André Paradis, maire de St-Henri-de-Taillon, préfet de la MRC Lac-St-Jean-Est et président de la Conférence régionale des élus a mis ce lundi son grain de sel dans la campagne électorale. Sans viser un candidat en particulier, André Paradis les invite directement à parler des vrais dossiers qui préoccupent les maires des municipalités du comté Lac-St-Jean au lieu de s’attarder sur les grands enjeux nationaux.
Irrité par la redondance dans la présente campagne électorale, après 13 jours, le préfet Paradis estime qu’il est grand temps que les candidats se préoccupent des vrais dossiers, ceux qui sont sur la table de la MRC depuis quatre ans et qui visent directement les citoyens et qui n’avancent pas.
« Les grands engagements jusqu’à maintenant sont tous des dossiers connus, le CMT, la voie de contournement, etc. On veut parler des vrais dossiers », insiste le préfet.

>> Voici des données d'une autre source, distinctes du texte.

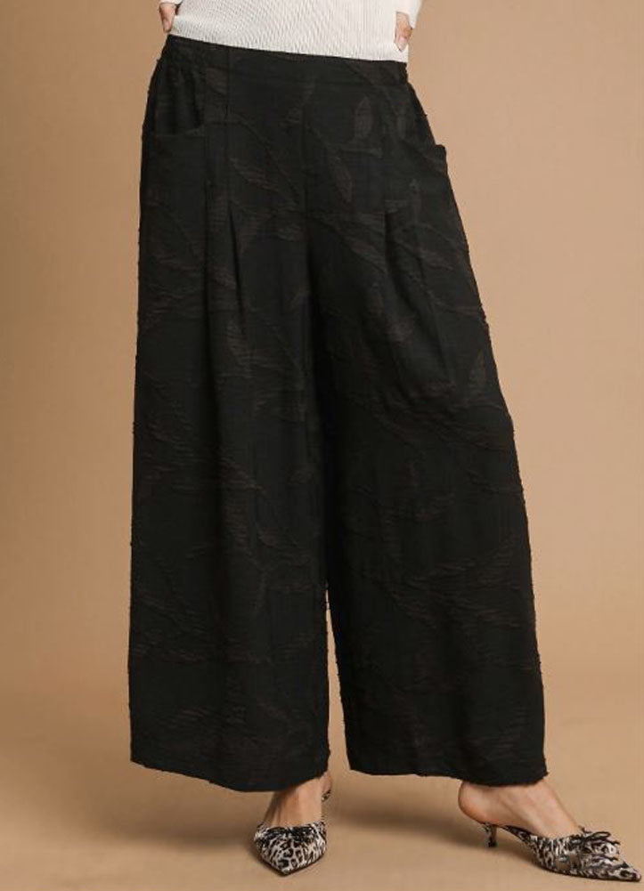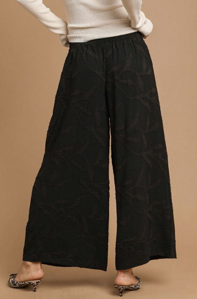 Jacquard Wide Leg Pants in Black by Umgee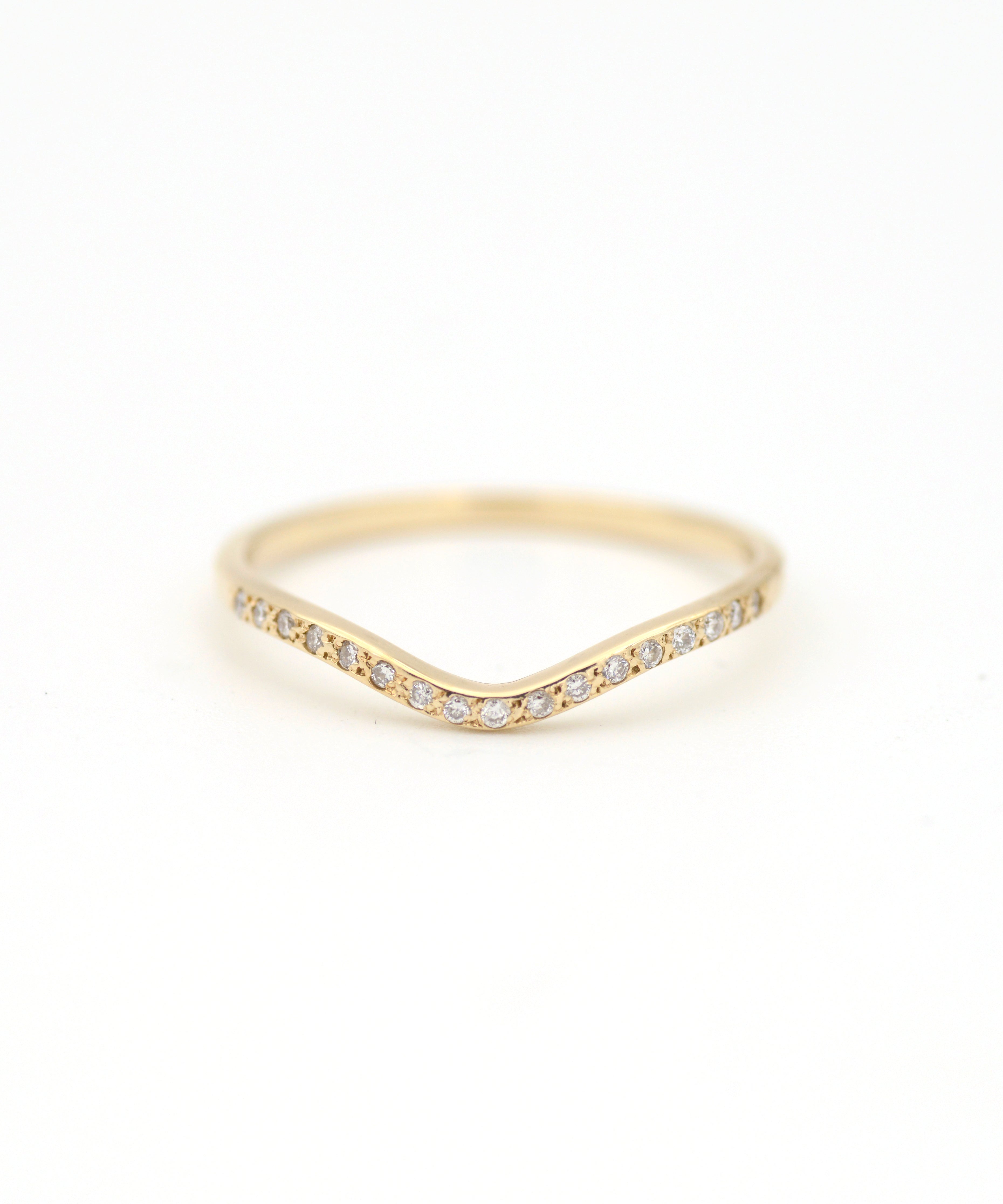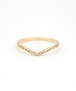 A curved band with pavé set diamonds. Perfect for nestling with an engagement ring.
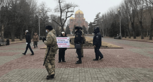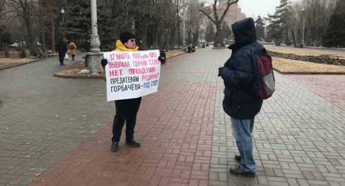 Активистки движения "Левый фронт" Татьяна Педан и Надежда Вялова провели 17 марта одиночные пикеты на Аллее Героев. Они по очереди в руках держали плакаты: "Остановим реванш антисоветизма! Социализм – будущее человечества!", "17 марта 1991 года мы выбрали единый Союз! Нет прощения предателям Родины!", передал корреспондент "Кавказского узла".

Lors d’une rencontre à son bureau de la MRC Lac-St-Jean-Est, André Paradis a fait part que depuis plusieurs semaines, les maires discutent entre eux de politique et de grands dossiers.
« Encore samedi, on (les maires) soupait à l’Ascension ensemble dans le cadre de leur festival et le sujet est venu sur la table. Je mets une rondelle en jeu et on verra », lance André Paradis.
Il affirme que ce qu’il dit tout haut, c’est ce qu’il entend depuis plusieurs semaines de la part des autres maires et des gens en général.
Invité à souligner quelques dossiers qui devraient faire partie des préoccupations des candidats, André Paradis parle notamment de celui de la motoneige et des droits de passage. C’est la MRC qui a pris le leadership dans ce dossier pour trouver une solution et on est toujours dans l’attente d’une décision du gouvernement. Pourtant, la motoneige rapporte des retombées économiques majeures pour la MRC et il faut s’en occuper.
« Après 13 jours de campagne, on doit discuter des vrais problèmes d’ici », - — André Paradis, préfet de la MRC Lac-St-Jean-Est et président de la CRÉ
« Il y a aussi toute la question de nos aînés et des résidences et services que l’on doit leur donner dans nos municipalités. Les cas de Labrecque et Ste-Monique sont particulièrement criants. Et que dire des multiples responsabilités que le gouvernement transfère aux municipalités sans pour autant y adjoindre les budgets. Également, comment se fait-il que dans nos dossiers, on se fait toujours dire non », question haut et fort André Paradis.
Ce dernier souligne que son intervention à ce stade-ci de la campagne vise avant tout à ramener le débat sur les enjeux locaux au lieu des enjeux nationaux et forcer les candidats à se compromettre sur les véritables enjeux pour les simples citoyens.
« Le premier vrai débat, ce ne sera que le 28 août prochain, devant la Chambre de commerce et on vote le 4 septembre. Après 13 jours de campagne, on doit discuter des vrais problèmes d’ici », réaffirme le coloré maire de St-Henri-de-Taillon, reconnu pour son style direct et son franc parlé.
André Paradis souhaite que sa sortie publique suscite des réactions et des prises de position de la part des candidats. Il est parfaitement conscient qu’il force la note dans cette campagne, mais estime qu’à titre de préfet, le maire des maires, qu’il lui appartient de le faire et de ramener le débat sur les vrais enjeux associés à chacune des municipalités qui composent la MRC.